The key includes the current Unix minute bucket. The 120-second expiry accounts for the minute boundary transition. The fail-open behavior on Redis errors is intentional: refusing all API traffic because the rate limiter service is unavailable would cause a worse outage than the behavior the rate limiter was designed to prevent.

Standard rate limit response headers

Return rate limit status headers on every API response, not just on 429 responses. Clients use these headers to monitor their own usage and implement backoff logic.

Standard headers:

X-RateLimit-Limit: 100
X-RateLimit-Remaining: 47
X-RateLimit-Reset: 1748358060

On 429 responses, add:

Retry-After: 23

X-RateLimit-Reset is a Unix timestamp indicating when the current window resets and the client's quota refills. Retry-After is the number of seconds the client should wait before retrying. Both headers allow clients to implement polite backoff rather than hammering the API with retries.

Storing limits in PostgreSQL, caching in Redis

Rate limits are a tenant configuration property, not a hardcoded constant. Store them in PostgreSQL alongside the tenant's plan settings and cache the resolved limit in Redis with a 5-minute TTL.

CREATE TABLE tenant_rate_limits (
  tenant_id           UUID PRIMARY KEY REFERENCES tenants(id),
  requests_per_minute INTEGER NOT NULL DEFAULT 60,
  burst_size          INTEGER NOT NULL DEFAULT 120,
  updated_at          TIMESTAMPTZ NOT NULL DEFAULT NOW()
);

When a tenant upgrades from Standard to Pro, update the requests_per_minute value in this table.
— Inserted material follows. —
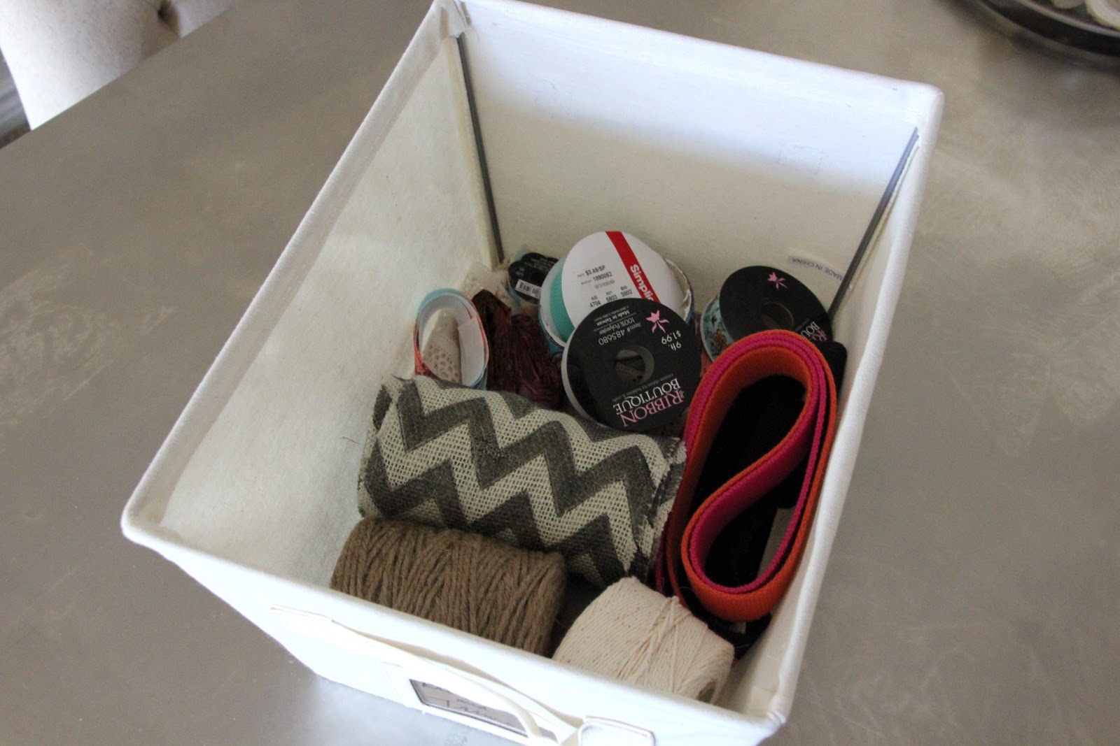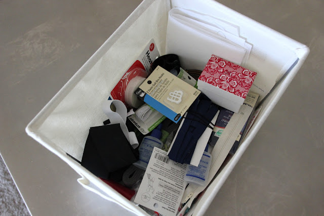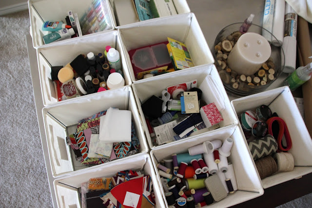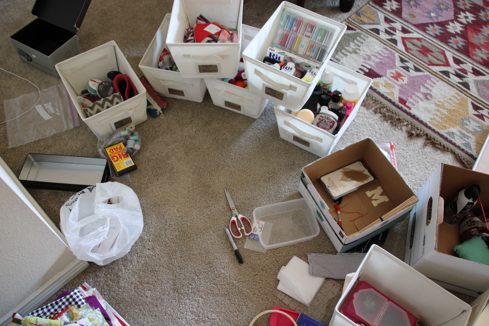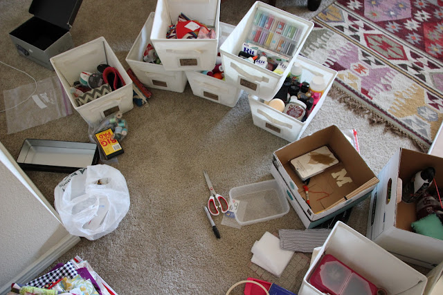 I knew I had enough paint, thread, and fabric to constitute having their own bins. Then I had to start grouping everything else together in a way that made sense to me. I spent a lot of time on the carpet going through each and every thing. I can't believe how much I've accrued over the last few years.
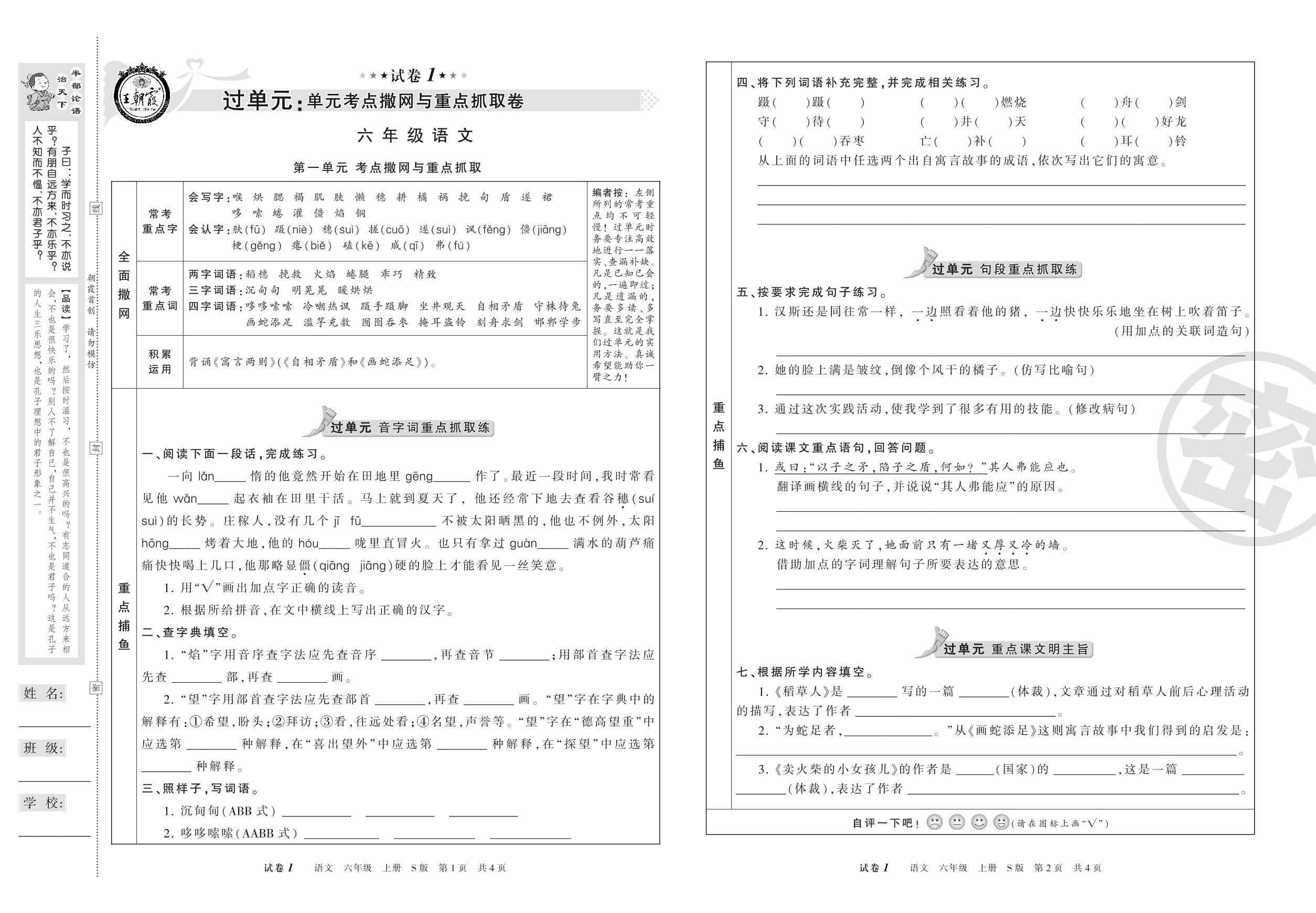 王朝霞期末专项卷六年级上册语文(S版)_R210802102811【1】

The new limit takes effect within the next cache TTL window (5 minutes) without any server restart or deployment.

The rate limiting middleware reads the tenant identity from the request context (using the tenant context propagation pattern described in our post on tenant context in Go SaaS), looks up the tenant's rate limit configuration from Redis cache, and applies the per-tenant limiter.

Key lessons from production

Per-tenant rate limiting is a fairness mechanism before it is a capacity protection mechanism. In-process limiters silently fail in multi-instance ECS deployments: move counter state to Redis. Always fail open on Redis unavailability. Return rate limit headers on every response, not just 429 responses. Store limit configuration in PostgreSQL and cache it in Redis so changes take effect without a deployment.